Override to provide a human-readable label used in structured log lines and the debug web UI. The default returns partition:offset.

def message_label(self, msg):
    if msg.payload:
        return f'{msg.partition}:{msg.offset} [{msg.payload.request_id[:8]}]'
    return f'{msg.partition}:{msg.offset}'

Task Labels

ExecutorTask.labels is a dict[str, str] of user-defined key-value pairs displayed alongside task details in the debug UI. Set them in arrange():

dk.ExecutorTask(
    task_id=dk.make_task_id('rg'),
    args=[req.pattern, req.file_path],
    metadata={'request_id': req.request_id},
    labels={
        'request_id': req.request_id,
        'pattern': req.pattern,
    },
    source_offsets=[msg.offset],
)

Labels appear on:

  • The live timeline view
  • The task detail page
  • Running and finished task tables
  • The debug trace view

Labels are purely for display. Use metadata for data you need in collect() or on_error().


Periodic Tasks

Decorate async handler methods with @periodic(seconds=N) to run them on a recurring interval.

from drakkar import periodic

class MyHandler(dk.BaseDrakkarHandler[MyInput, MyOutput]):

    @periodic(seconds=60)
    async def refresh_cache(self):
        self.lookup_table = await fetch_lookup_data()

    @periodic(seconds=30, on_error='stop')
    async def health_check(self):
        if not os.path.isdir('/data/corpus'):
            raise RuntimeError('Corpus directory missing')

Behavior

  • Periodic tasks start after on_ready() completes.
  • They run in the same async event loop as the rest of the worker.
  • Overlapping runs are prevented – the next interval starts only after the current invocation finishes.
  • All periodic tasks are cancelled during shutdown.

Error handling

on_error value Behavior on exception
'continue' (default) Log the error, keep running on schedule
'stop' Log the error, cancel this task permanently

Custom Prometheus Metrics

Declare prometheus_client metrics as class attributes on your handler. The framework auto-discovers them and exposes them on the debug UI metrics page alongside built-in Drakkar metrics.
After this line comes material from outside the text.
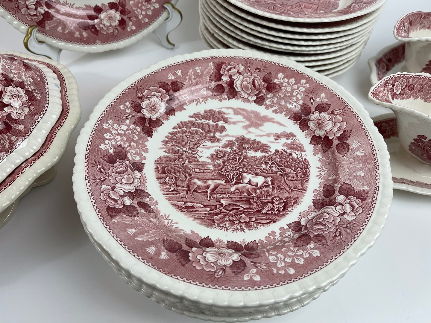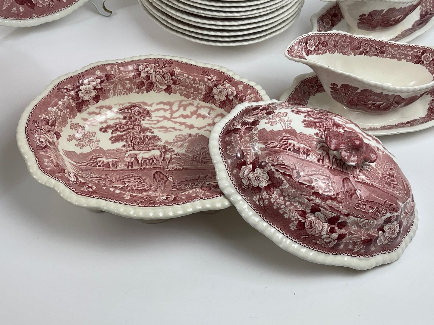 SE PRISEN I VAREBESKRIVELSEN - engelsk fajance suppetallerkener /ymerskåle, sovsebåd, grøntsagsterrin fra Adams English Scenic, Staffordshire, England, pink - rød paris, cattle scenes, horse scenes

from prometheus_client import Counter, Gauge, Histogram

class MyHandler(dk.BaseDrakkarHandler[MyInput, MyOutput]):
    items_processed = Counter(
        'app_items_processed_total',
        'Total items processed',
    )
    active_sessions = Gauge(
        'app_active_sessions',
        'Currently active sessions',
    )
    match_count = Histogram(
        'app_match_count',
        'Matches per request',
        buckets=(0, 1, 5, 10, 50, 100, 500),
    )

    async def collect(self, result):
        self.items_processed.inc()
        self.match_count.observe(len(result.stdout.splitlines()))
        ...

The auto-discovery scans the handler’s class hierarchy (MRO) for attributes that are instances of MetricWrapperBase (Counter, Gauge, Histogram, Summary, Info). Use an app_ prefix to distinguish your metrics from Drakkar’s built-in drakkar_ metrics in dashboards and queries.